Well, I'm not sure _they_ do. All I meant was that it might seem that way to me, as an outsider reading after the fact as opposed to a participant reading throughout the process.



> They would have good company on just about any other broadly Evangelical board at least.



My point, though, was trying to understand the "other" side and that would be hard to do on a board where everyone espouses my own view. Besides, the unfortunate thing about many evangelical boards is that many people don't know why they have the view they have. Many churches don't seem to teach basic hermeneutics, so their members don't have any idea how to even study to know what God has to say on a subject. (A woman on another board told me that Romans 9:20 was about being content with our own gifts and calling!) And, furthermore, it would seem that plenty of broadly evangelical boards include Presbyterians, Episcopalian/Anglicans, Lutherans, and Methodists, who all practice paedobaptism, so I might have good company in both camps!



> Notice the byline under the Baptism forum. It is for those that want to *DEBATE and DISCUSS*.


I'm not sure that "debate and discuss" means that sarcasm is appropriate, but I read it sometimes, as well as portrayal of credos as less logical thinkers or less willing to interact honestly with the texts, when it is possible that someone might hear all the arguments and still be honestly unpersuaded.



> So, to be nice, if people are a bit thin-skinned about reductio ad absurdum and other techniques that demonstrate logical folly (and are Biblical methodologies to do so) then they are warned, up front, that egos are likely to get bruised in here.


When I said I had a thin skin, I didn't mean that I couldn't stand when my argument was proven wrong. I meant I don't like sarcasm or the grand lumping of all Baptists into the dispensational-pretrib-alter call basket. It really isn't a good argument for the Scriptural support of paedobaptism to say something like, "mormons and JW's both practice credobaptism!" yet it's been done. At the puritanboard.



> You should search some of the old threads and see that the latest stuff is pretty tame.

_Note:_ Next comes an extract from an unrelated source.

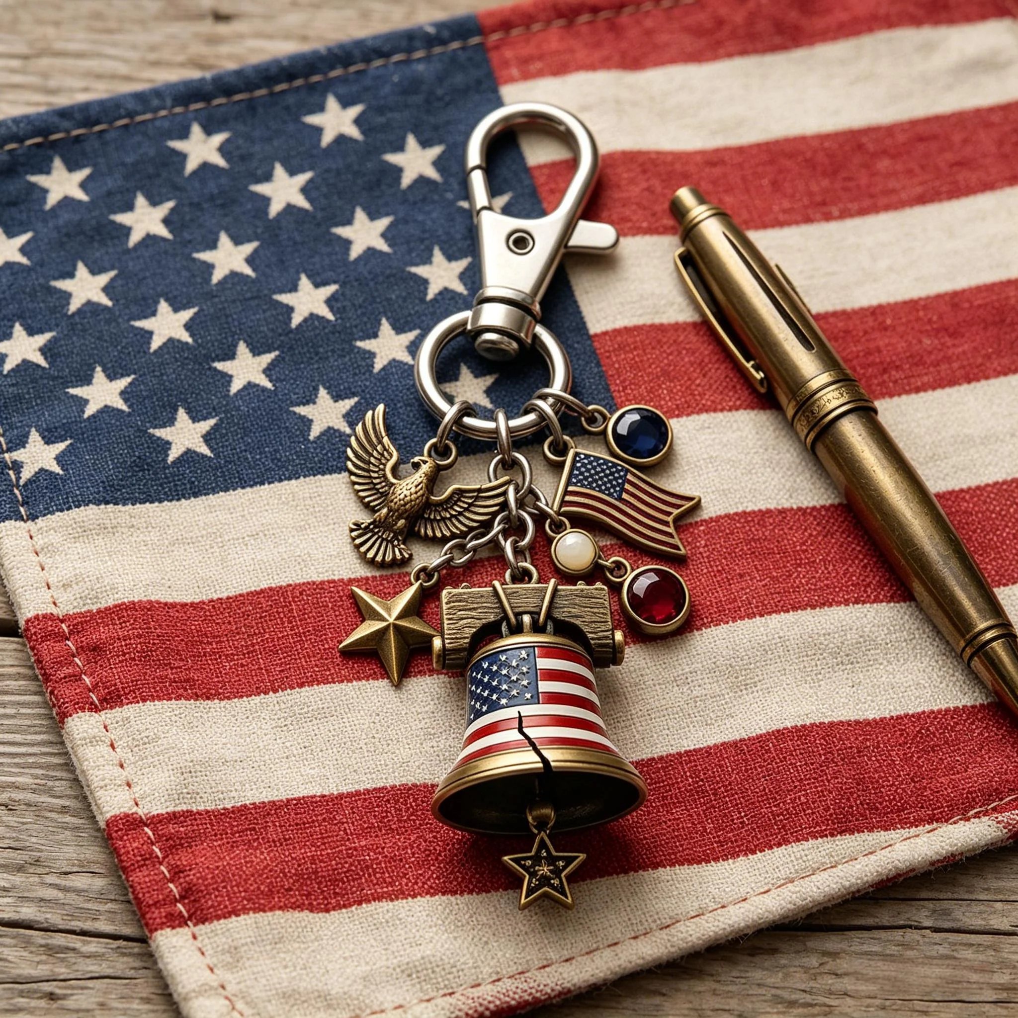 A multi-charm keychain loaded with iconic American symbols, built to last a lifetime.

I agree: it was the old stuff that convinced me I don't want to participate, just read others' posts and try to learn from them!

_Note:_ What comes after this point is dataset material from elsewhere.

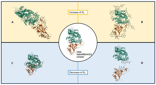 Schematic view of possible 3D conformational changes that the spike RBD/ACE2 complex could adopt in the presence of natural compounds, with their influence on Rh. The initial conformation of the spike RBD/ACE2 complex is represented in the center (PDB 6M0J); SARS-CoV-2 spike RBD is depicted in orange and ACE2 in green. (A) An increase in Rh could be due to distension of the complex; (B) An increase in Rh could be due to clustering of natural compounds on proteins; (C) A decrease in Rh could be due to collapse or folding of the complex; (D) A decrease in Rh could be due to (partial) separation of the 2 proteins.

But I see that chiming in here got the thread bumped and maybe the OP will continue it.
here's hoping!


----------



## Scott Bushey (Jan 25, 2007)

SemperFideles said:


> Wait! Scott said paedos aren't allowed in here!



Yea, that was dumb.  I didn't realize that the thread was started by a Presbyterian. Oh well, add that one to the archives of stupid statements by SB.  

Love the new tongue-goofy smiley!


----------



## elnwood (Jan 25, 2007)

Paul manata said:


> Elnwood,
> 
> The ESV (and other trnalations) don't capitalize *ANY* of the "h's."
> So, if we went to the better translation it wouldn't tell us anything about wether the he was Jesus or not.



Granted.  But Matthew Henry and John Gill (who must be reliable since you use cited him in an earlier argument, right?  ) say that the sanctification refers to the apostate, not to Christ himself. Which was the point.



Paul manata said:


> The elect will not be judged with "fury" and the juding you're referring to is not "terrible" and it does not "consume the adversary." Try again.



You're mixing up passages. Hebrews 10:26-27 is a hypothetical, "if we go on sinning ... there is an expectation of judgment and the fury of fire which will consume the adversaries."

Before you jumped to this verse, you were talking about the certainty that "God will judge his people" in Hebrews 10:30. But it does not say that with certainty God will consume his people.

The logic is as follows:
1) God will certainly judge his people.
2) If His people continue in sin (hypothetical)
3) they will be judged and consumed.

Where we differ is whether 2) is an empty set or contains New Covenant breakers.



Paul manata said:


> As for the rest of my post, I'll assume you grant those points.



Sure, if you want to artificially inflate your ego, go ahead. But I didn't leave any points unaddressed.


----------



## elnwood (Jan 25, 2007)

Paul manata said:


> No, that's alright. I already dismantled his objection.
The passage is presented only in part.